• _What this task involves_
Every line from the one containing "Wir gehen auf" to the one containing "This story is" in the records below, both included, must be set down exactly, and no other line.

• _Source data_
Segment Open

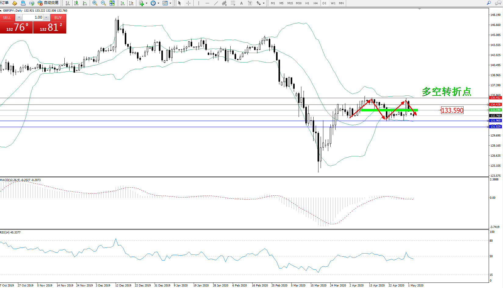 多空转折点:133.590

Segment Closed
Segment Open

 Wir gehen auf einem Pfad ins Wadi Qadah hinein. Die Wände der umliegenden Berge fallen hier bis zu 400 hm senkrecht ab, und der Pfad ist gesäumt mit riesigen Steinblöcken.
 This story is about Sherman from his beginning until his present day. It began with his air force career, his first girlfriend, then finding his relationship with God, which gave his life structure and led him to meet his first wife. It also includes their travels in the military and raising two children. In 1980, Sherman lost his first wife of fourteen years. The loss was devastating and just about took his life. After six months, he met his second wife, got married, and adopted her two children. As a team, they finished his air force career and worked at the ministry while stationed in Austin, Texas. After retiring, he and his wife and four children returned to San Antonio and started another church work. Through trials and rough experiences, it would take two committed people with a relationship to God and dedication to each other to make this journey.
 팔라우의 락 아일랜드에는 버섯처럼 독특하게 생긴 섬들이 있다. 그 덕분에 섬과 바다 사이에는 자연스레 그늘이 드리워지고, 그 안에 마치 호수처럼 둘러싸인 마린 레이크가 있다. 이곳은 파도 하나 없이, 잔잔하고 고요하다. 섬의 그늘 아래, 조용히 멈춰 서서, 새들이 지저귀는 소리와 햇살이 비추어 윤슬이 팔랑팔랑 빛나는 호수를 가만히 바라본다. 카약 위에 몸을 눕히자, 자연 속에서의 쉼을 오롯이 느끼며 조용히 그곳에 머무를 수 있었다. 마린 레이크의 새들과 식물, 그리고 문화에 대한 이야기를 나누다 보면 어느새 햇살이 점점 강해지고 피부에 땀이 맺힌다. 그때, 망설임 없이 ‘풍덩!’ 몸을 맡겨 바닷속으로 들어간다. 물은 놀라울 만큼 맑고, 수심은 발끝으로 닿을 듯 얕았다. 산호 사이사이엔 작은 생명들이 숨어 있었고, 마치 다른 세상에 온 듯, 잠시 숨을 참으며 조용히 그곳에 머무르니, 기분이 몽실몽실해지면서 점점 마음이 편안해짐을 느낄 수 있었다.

Segment Closed
Segment Open

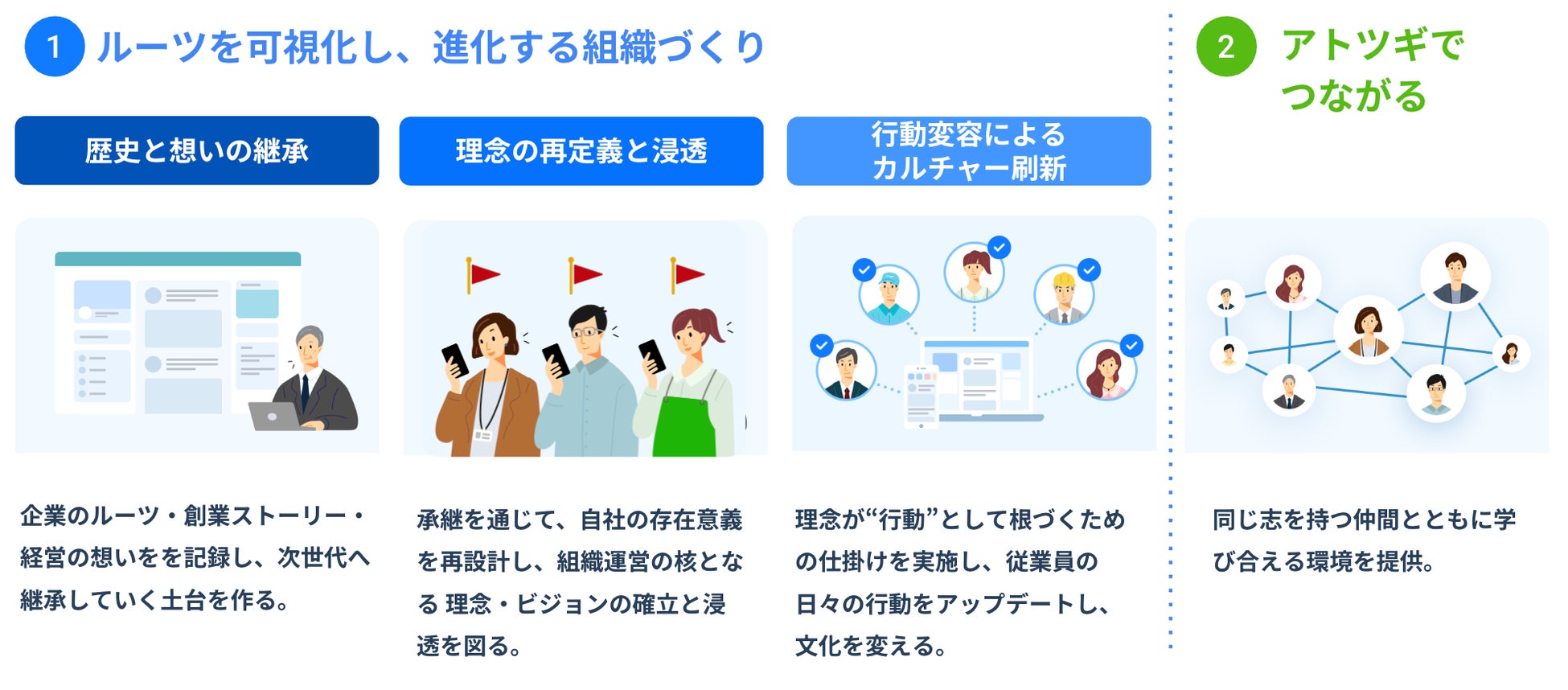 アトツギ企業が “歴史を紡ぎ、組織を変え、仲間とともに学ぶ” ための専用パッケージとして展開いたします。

Segment Closed

• _Final answer_
 Wir gehen auf einem Pfad ins Wadi Qadah hinein. Die Wände der umliegenden Berge fallen hier bis zu 400 hm senkrecht ab, und der Pfad ist gesäumt mit riesigen Steinblöcken.
 This story is about Sherman from his beginning until his present day. It began with his air force career, his first girlfriend, then finding his relationship with God, which gave his life structure and led him to meet his first wife. It also includes their travels in the military and raising two children. In 1980, Sherman lost his first wife of fourteen years. The loss was devastating and just about took his life. After six months, he met his second wife, got married, and adopted her two children. As a team, they finished his air force career and worked at the ministry while stationed in Austin, Texas. After retiring, he and his wife and four children returned to San Antonio and started another church work. Through trials and rough experiences, it would take two committed people with a relationship to God and dedication to each other to make this journey.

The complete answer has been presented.